The "automation causes unemployment" argument is deeply flawed, in this or most contexts.
DeleteIf Home Depot hires fewer people to effect cost savings, we can assume those savings are passed along to consumers (in a competitive market), who now spend more elsewhere, thus increasing hiring elsewhere.
As Milt Friedman once said, we could have people dig trenches with spoons and not shovels, but is that really a plan for increased employment?
I realize John Cochrane protected himself with the words "inefficient substitute of capital for labor." But "inefficient" would imply that the capital spent did not result in savings compared to the labor avoided. In that case, Home Depot would not use the automated check outs.
Automation always increases living standards and real output (relatively). It does not hurt employment (in the macroeconomic sense).
I never thought I would hear people criticizing the low cost of capital for business investment and expansion. In fact, I would guess low cost capital is a boon for employment...I think that is covered in Econ 1 or somewhere....
"The "automation causes un-employment" argument is deeply flawed, in this or most contexts."
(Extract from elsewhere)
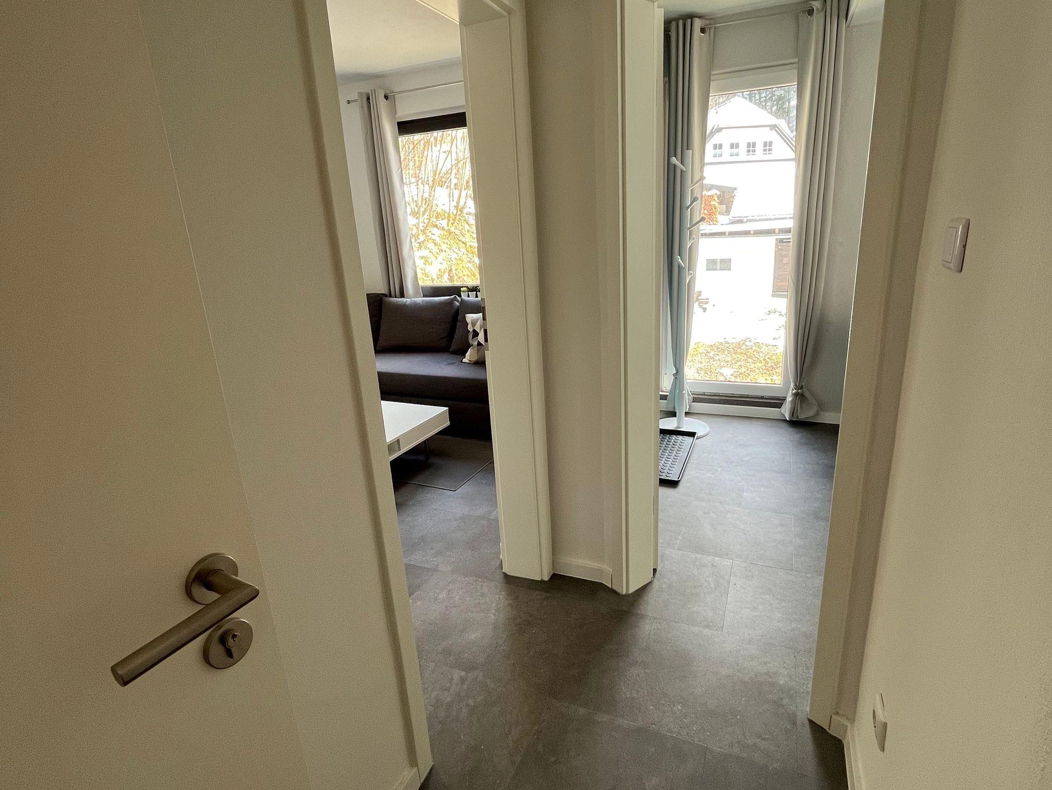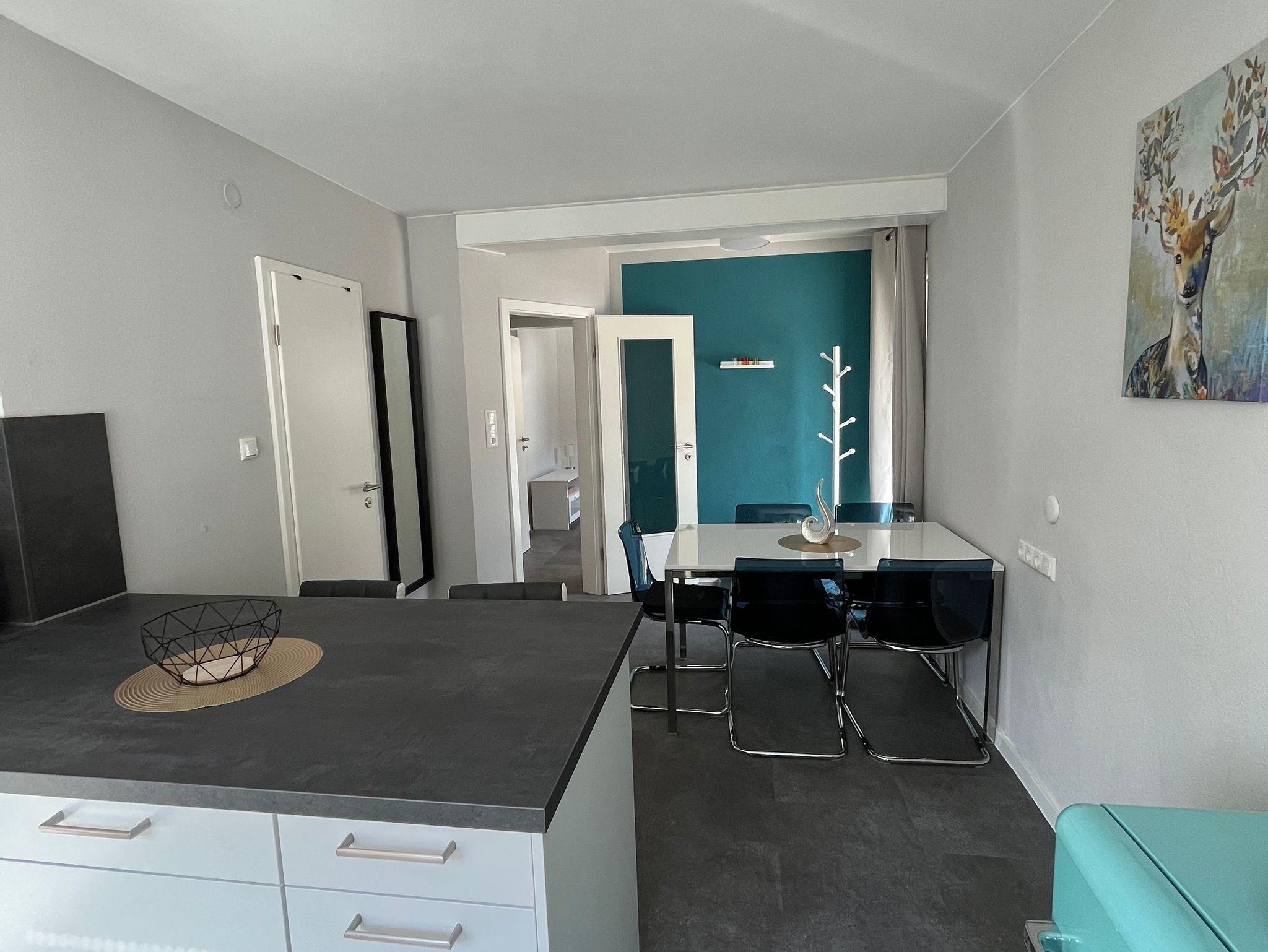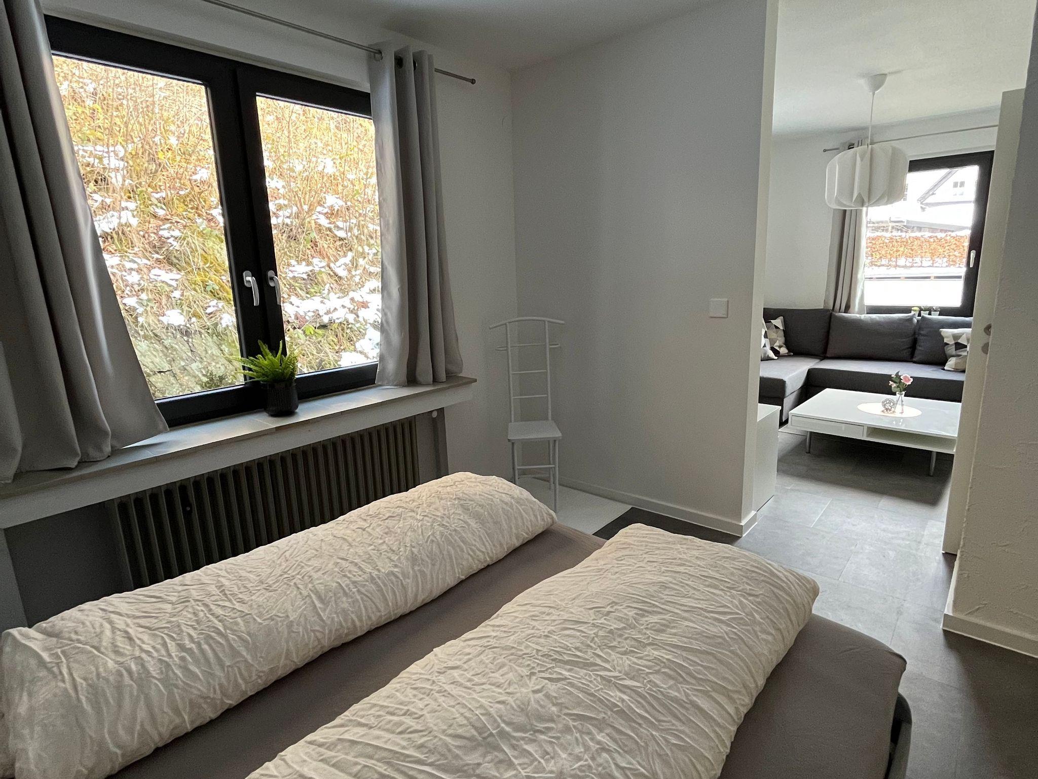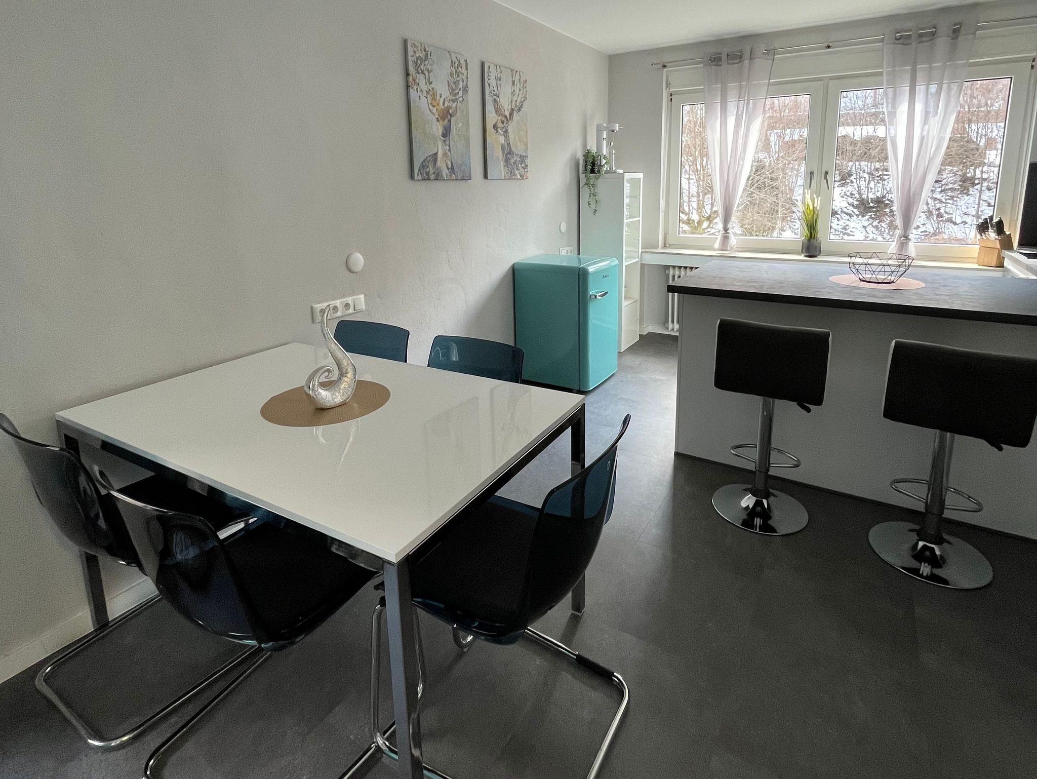 Die gemütliche, modern ausgestattete Ferienwohnung Dachs für zwei Personen verfügt über eine offene Küche, eine Essgelegenheit, Bad mit WC und Dusche, und ein Wohnzimmer mit angrenzendem Schlafzimmer.

DeleteI think you are overlooking the fact that nobody here has made the argument that the detriment to labor as a result of automation is permanent. Your reply seems to suggest that those Home Depot check out employees are going to run across the street and get a new job without any additional training, etc. The comment, as I understood it, refers to "during a recession". Hopefully, that's not a permanent condition.
It may interest you that Posner and Becker had an interesting exchange on this a short time back. Here's Posner:
“If technological advance is very rapid, causing in turn a large and very rapid drop in demand in a large labor market, the economy may not be able to absorb the sudden surplus of labor in a short period of time. The result will be soaring unemployment that will retard normal market processes by reducing incomes and in turn production and therefore in the demand for workers.”
“But there is nothing inevitable about the virtuous process whereby automation and related negative effects on particular jobs merely shift workers to other jobs that are equally or more desirable. Workers may be highly compensated for possessing human capital that is specialized to a labor market that is shrinking. We are seeing this in law today. Because of automation, outsourcing, and more efficient management practices, the demand for lawyers is down, forcing many lawyers either to drop to lower rungs in the profession’s ladder or to leave the profession entirely for work in types of job which their human capital specialized to the practice of law has less, or maybe no, value to employers.
There is nothing new about this phenomenon, and in the long run labor markets adjust…”
http://www.becker-posner-blog.com/2013/03/automation-and-employment-posner.html
Nota bene. “In the long run”.
Maybe that was in Econ 2?
My own analysis of Stella's article:
ReplyDeletehttp://monetaryreflections.blogspot.co.uk/2013/09/collateral-shortages-and-availability.html
I also don't buy it. There's a lot of sense in it, but I think the implied conclusion is wrong.